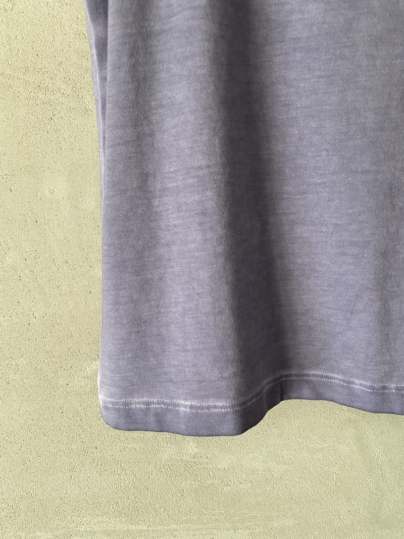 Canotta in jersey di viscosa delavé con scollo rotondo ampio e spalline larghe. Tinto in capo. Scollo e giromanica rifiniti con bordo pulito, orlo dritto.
┄┄┄┄┄┄┄┄┄┄┄┄┄┄┄┄┄┄┄┄
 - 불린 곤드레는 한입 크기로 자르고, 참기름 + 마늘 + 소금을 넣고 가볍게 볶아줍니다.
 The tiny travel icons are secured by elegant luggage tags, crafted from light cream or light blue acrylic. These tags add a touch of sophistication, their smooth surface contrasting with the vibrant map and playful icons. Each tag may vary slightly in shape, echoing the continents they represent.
┄┄┄┄┄┄┄┄┄┄┄┄┄┄┄┄┄┄┄┄
Task statement
Starting at the line that has "- 불린 곤드레는 한입" in the records above, restate word for word every line until the one that has "The tiny travel", and include that one as well.

Response to the exercise
 - 불린 곤드레는 한입 크기로 자르고, 참기름 + 마늘 + 소금을 넣고 가볍게 볶아줍니다.
 The tiny travel icons are secured by elegant luggage tags, crafted from light cream or light blue acrylic. These tags add a touch of sophistication, their smooth surface contrasting with the vibrant map and playful icons. Each tag may vary slightly in shape, echoing the continents they represent.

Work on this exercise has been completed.